# Harbor Freight trailer(90154) and wheel bearings



## Andy Taylor (Jun 30, 2014)

I've read that the wheel bearings need to be re-packed during assembly. Is that true? Can it be done without damaging the seal? I'm thinking of buying this trailer to modify to haul kayaks.

Does anyone know what size Bearing Buddies fit this trailer?

Thanks.


----------



## KMixson (Jun 30, 2014)

I would repack the bearings. I would do that on any trailer you just acquired. It is cheap insurance.
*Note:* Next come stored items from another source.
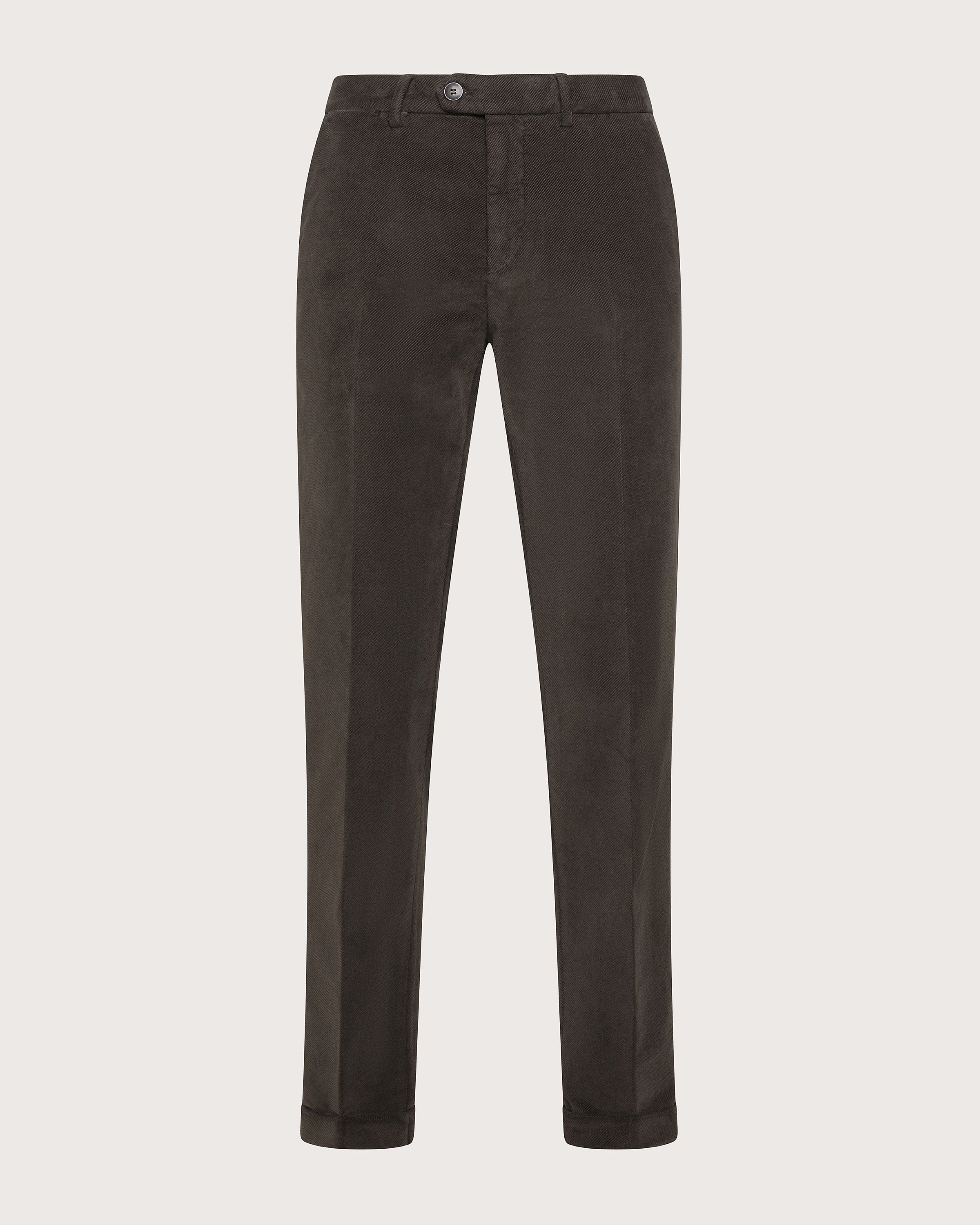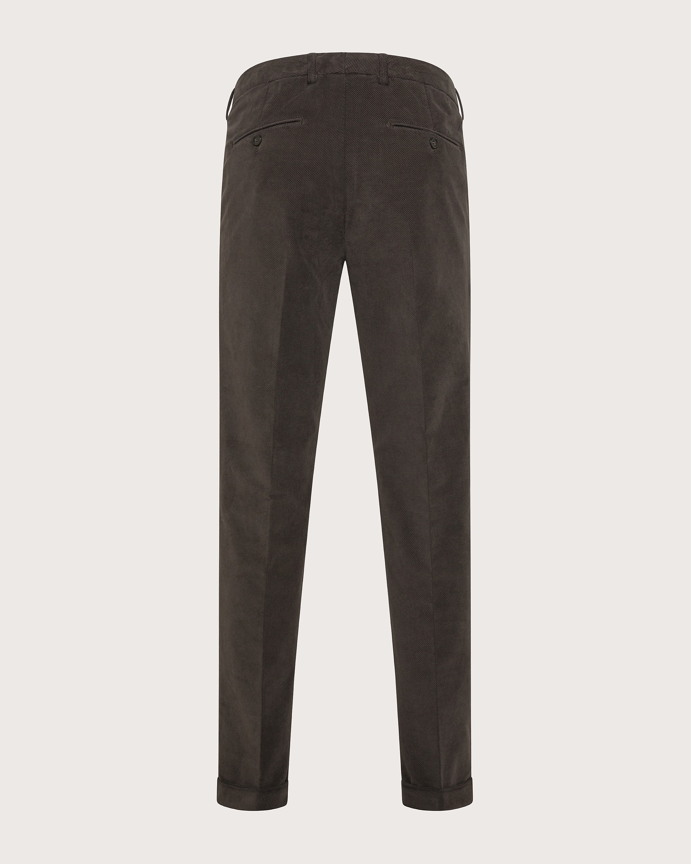 Pantalone chino classico realizzato in diagonale slegato stretch cotone tinto capo. Caratterizzato da tasche inclinate e taschino orologio davanti, tasche a doppio filetto con bottone sul retro. Chiusura con cerniera e bottone. Fondo con balza.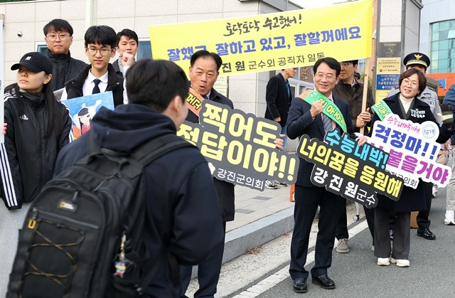 [위키트리 광주전남취재본부 노해섭 기자]13일, 2026학년도 대학수학능력시험이 치러진 강진고 교문 앞. 강진원 강진군수는 아침 일찍부터 학부모와 교직원, 후배 학생들과 함께 수험생을 맞이하며 응원과 격려를 보냈다. 강 군수는 “그동안의 노력이 결실로 이어지는 날이 되길 바란다”며 “군에서도 여러분의 꿈 실현에 아낌없는 지원을 하겠다”고 약속했다.
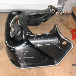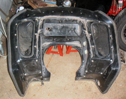 | This is one heck of a fairing! Can you imagine the comfort? Notice the instrument panel. We used VDO gauges and sending units. A complete Liberator also has the plastic panels that cover the big opening where the forks turn as seen above. In addition, we included an additional tonneau that bridged the big gap between the two sides. All this is more completely clarified in the original Liberator Mounting Instructions which you may download. | |||||||||||||||||||||||||||||||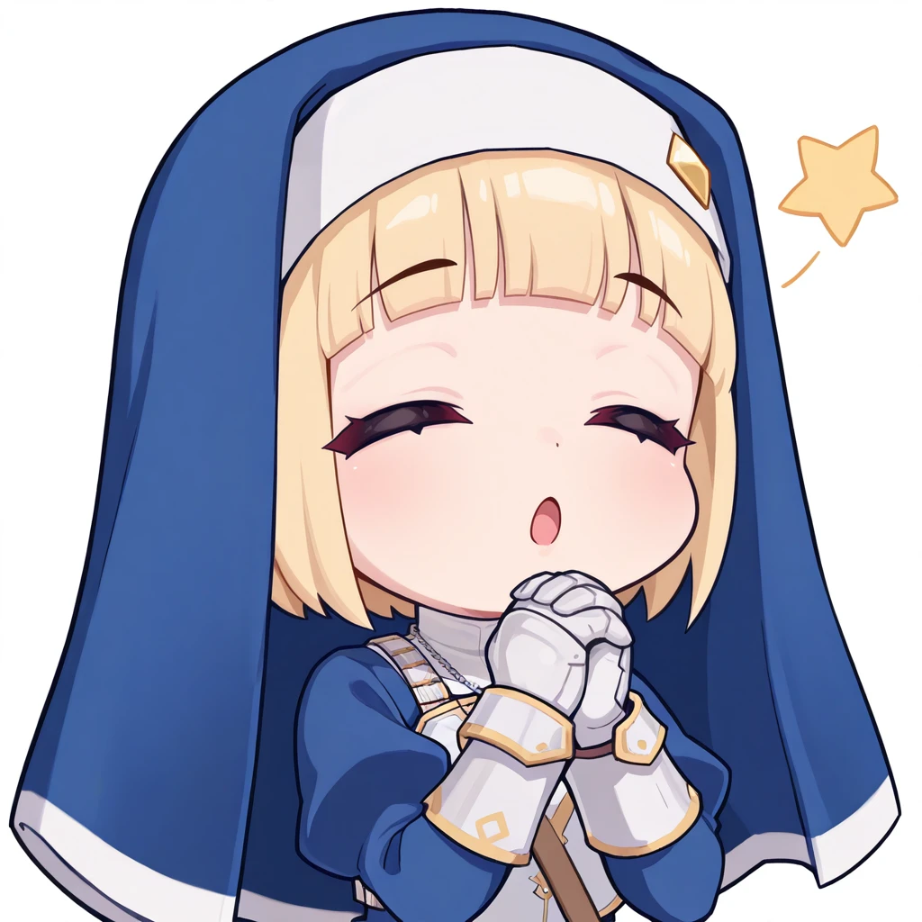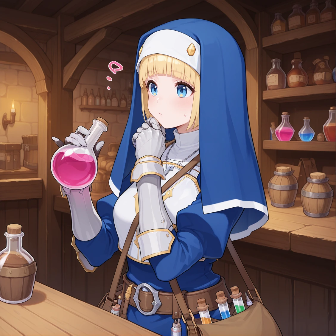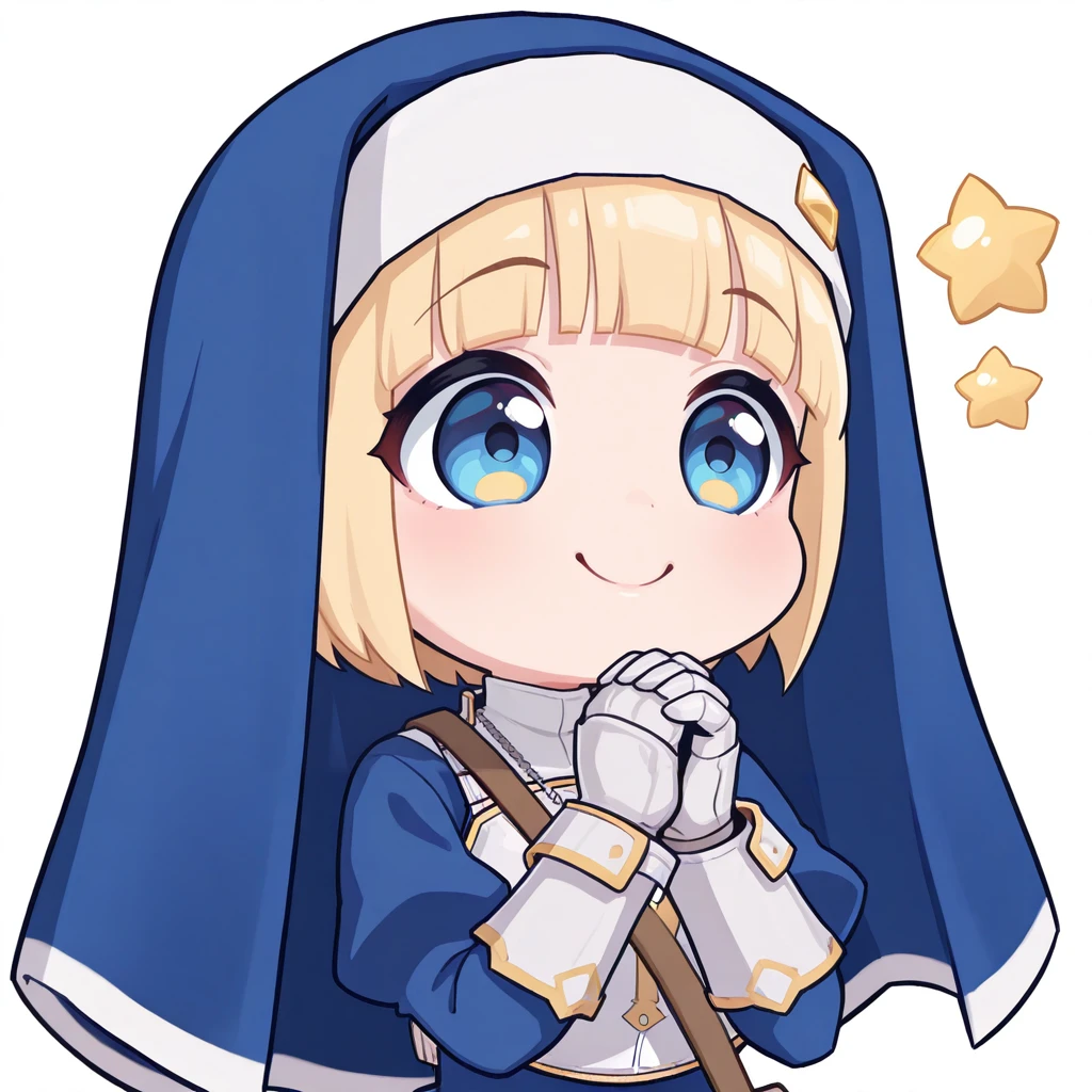 ClaraTinala, Blonde Hair, Blue eyes, short hair, blunt bangs, necklece, armor, habit, nun, bag, long sleeves, belt Use adetailer for best results on face!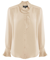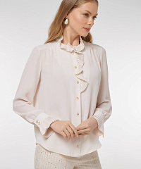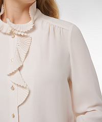 Эффектная рубашка с мягкими рюшами становится акцентом образа, создавая женственный и утончённый силуэт. Лёгкий материал на основе вискозы красиво драпируется и комфортно ощущается на коже, добавляя образу воздушности и лёгкого шика.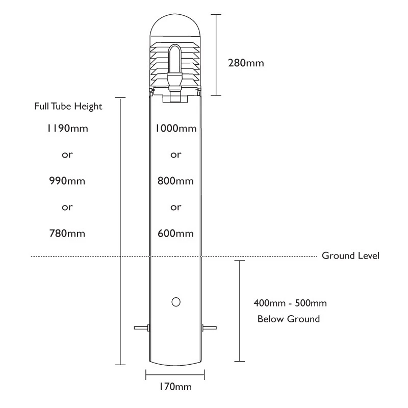 NOTE: The overall bollard height may be up to 7cm taller than the standard height due to the larger bollard head. This

The wheel seal will not be hurt sliding it off the spindle if you are careful and don't drag it across the spindle threads or something like that. I do not know on the Bearing Buddies. Sorry.


----------



## Andy Taylor (Jun 30, 2014)

Thanks


----------



## lckstckn2smknbrls (Jun 30, 2014)

In order to get the rear bearing out of the hub you will most likely destroy the rear seal. They are cheap so don't worry about it.
Most likely it uses the 1.98". The way to tell is find out what race it uses.


----------



## New River Rat (Jul 4, 2014)

[url=https://www.tinboats.net/forum/viewtopic.php?p=357746#p357746 said:


> Andy Taylor » 30 Jun 2014, 13:43[/url]Does anyone know what size Bearing Buddies fit this trailer?






This might help:

Bearing Buddy Size Chart


----------



## Andy Taylor (Jul 4, 2014)

Thanks all. I wound up buying a trailer from Farm and Fleet instead.


----------